Output 29.18.4: Additional Parameters

Additional Parameters
Type Parameter Estimate Standard
Error
t Value Pr > |t|
Independent alpha2 51.94452 11.70002 4.4397 <.0001
  beta2 0.23731 0.09877 2.4026 0.0163
  gamma2 0.22082 0.04161 5.3070 <.0001
  gamma3 0.36971 0.07060 5.2365 <.0001



You can now interpret the results in terms of the original econometric parameterization. As shown in Output 29.18.4, all these estimates are significant, despite the fact that one of the transformed parameter estimates in the linear equations of the LINEQS model is not. You can obtain almost equivalent results by applying the SAS/ETS procedure SYSLIN on this problem.

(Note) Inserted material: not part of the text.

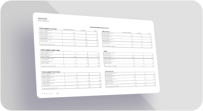 Appendix Key Metrics Average Lifecycle Emissions (gCO2e/mi) Delivery-weighted U.S. Average Manufacturing Phase use-phase Total New York State Manufacturing Phase use-phase Total Model 3 Ridesharing Use Model 3 Ridesharing Use (solar charged) 29 0 29 (solar charged) 29 0 29 Model 3 Personal Use Model 3 Personal Use (solar charged) 70 0 70 (solar charged) 70 0 70 Model 3 Ridesharing Use Model 3 Ridesharing Use (grid charged) 10 111 121 (grid charged) 10 78 88 Model 3 Personal Use Model 3 Personal Use (grid charged) 51 111 162 (grid charged) 51 78 129 Avg. Mid-Size Premium ICE 48 417 465 Avg. Mid-Size Premium ICE 48 417 465 Delivery-weighted Europe Average Austria Model 3 Ridesharing Use Model 3 Ridesharing Use (solar charged) 31 0 31 (solar charged) 31 0 31 Model 3 Personal Use Model 3 Personal Use (solar charged) 100 0 100 (solar charged) 100 0 100 Model 3 Ridesharing Use Model 3 Ridesharing Use (grid charged) 12 48 60 (grid charged) 12 35 47 Model 3 Personal Use Model 3 Personal Use (grid charged) 81 48 130 (grid charged) 81 35 116 Avg. Mid-Size Premium ICE 63 417 480 Avg. Mid-Size Premium ICE 63 417 480 Delivery-weighted China Average Sichuan Province Model 3 Ridesharing Use Model 3 Ridesharing Use (solar charged) 31 0 31 (solar charged) 31 0 31 Model 3 Personal Use Model 3 Personal Use (solar charged) 100 23 123 (solar charged) 100 4 105 Model 3 Ridesharing Use Model 3 Ridesharing Use (grid charged) 12 172 184 (grid charged) 12 33 45 Model 3 Personal Use Model 3 Personal Use (grid charged) 81 172 253 (grid charged) 81 33 114 Avg. Mid-Size Premium ICE 63 417 480 Avg. Mid-Size Premium ICE 63 417 480 122
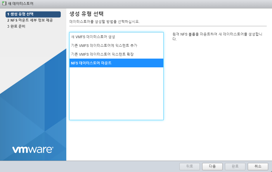 생성 유형은 NFS 데이터스토어 마운트를 선택합니다.

Alternative Ways to Specify Your LINEQS Model

In specifying the linear equations in the LINEQS model, it might become cumbersome when you need to name a lot of parameters into the equations. If the parameters in your model are unconstrained, you need to very careful to use unique parameter names to distinguish the free parameters because parameters with the same name are identical and will have the same estimate. To make model specification easier and to avoid accidental constraints, PROC CALIS provides an efficient way to specify these free parameters. That is, you can simply omit the parameter names in the specification. For example, in the first specification of the current example, except for the boundary constraints on the error variance parameters, all other parameters in the model are not constrained, as shown in the following statements:

proc calis data=food pshort nostand;
   lineqs
      Q = alpha1 * Intercept + beta1  * P  + gamma1 * D + E1,
      P = theta1 * Intercept + theta2 * Q  + theta3 * F + theta4 * Y + E2;
   variance
      E1-E2 = eps1-eps2;
   cov
      E1-E2 = eps3;
   bounds
      eps1-eps2 >= 0. ;
run;

Parameters such as alpha1, beta1, and so on are unique parameter names in the specific locations of the model. They are free parameters. Hence, you can use the following equivalent specification:

proc calis data=food pshort nostand;
   lineqs
      Q =  * Intercept +  *  P  +  * D        + E1,
      P =  * Intercept +  *  Q  +  * F +  * Y + E2;
   variance
      E1-E2 = eps1-eps2;
   cov
      E1 E2;
   bounds
      eps1-eps2 >= 0. ;
run;

Only the parameters eps1 and eps2 remain in this equivalent specification. You omit the specification of all other parameter names. But the estimation results are the same, as shown in Output 29.18.5.

Output 29.18.5: Estimation Results With Generated Parameter Names

Linear Equations
Q =   93.6193 (**) Intercept + -0.2295 (**) P + 0.3100 (**) D + 1.0000   E1        
P =   -218.9 (ns) Intercept + 4.2140 (**) Q + -0.9305 (**) F + -1.5579 (**) Y + 1.0000   E2

Effects in Linear Equations
Variable Predictor Parameter Estimate Standard
Error
t Value Pr > |t|
Q Intercept _Parm1 93.61928 7.57485 12.3592 <.0001
Q P _Parm2 -0.22954 0.09235 -2.4856 0.0129
Q D _Parm3 0.31001 0.04481 6.9186 <.0001
P Intercept _Parm4 -218.89312 137.69794 -1.5897 0.1119
P Q _Parm5 4.21398 1.75396 2.4025 0.0163
P F _Parm6 -0.93053 0.39597 -2.3500 0.0188
P Y _Parm7 -1.55795 0.66497 -2.3429 0.0191

Estimates for Variances of Exogenous Variables
Variable
Type
Variable Parameter Estimate Standard
Error
t Value Pr > |t|
Error E1 eps1 3.51274 1.20204 2.9223 0.0035
  E2 eps2 105.06749 83.89446 1.2524 0.2104
Observed D _Add1 139.96029 45.40911 3.0822 0.0021
  F _Add2 161.51355 52.40192 3.0822 0.0021
  Y _Add3 35.00000 11.35550 3.0822 0.0021

Covariances Among Exogenous Variables
Var1 Var2 Parameter Estimate Standard
Error
t Value Pr > |t|
E1 E2 _Parm8 -18.87270 8.77951 -2.1496 0.0316
F D _Add4 74.02539 38.44699 1.9254 0.0542
Y D _Add5 22.99211 16.90102 1.3604 0.1737
Y F _Add6 -21.58158 17.94544 -1.2026 0.2291

Mean Parameters
Variable
Type
Variable Parameter Estimate Standard
Error
t Value Pr > |t|
Observed D _Add7 97.53500 2.71410 35.9364 <.0001
  F _Add8 96.62500 2.91560 33.1407 <.0001
  Y _Add9 10.50000 1.35724 7.7363 <.0001



The estimation results in Output 29.18.5 are the same as those in Output 29.18.2 and Output 29.18.3 with the original LINEQS model specification, only now PROC CALIS generates the parameter names with the _Parm in the results, as shown in Output 29.18.5. Note that you retain the parameter names eps1 and eps2 because you need to refer to them in the BOUNDS statement.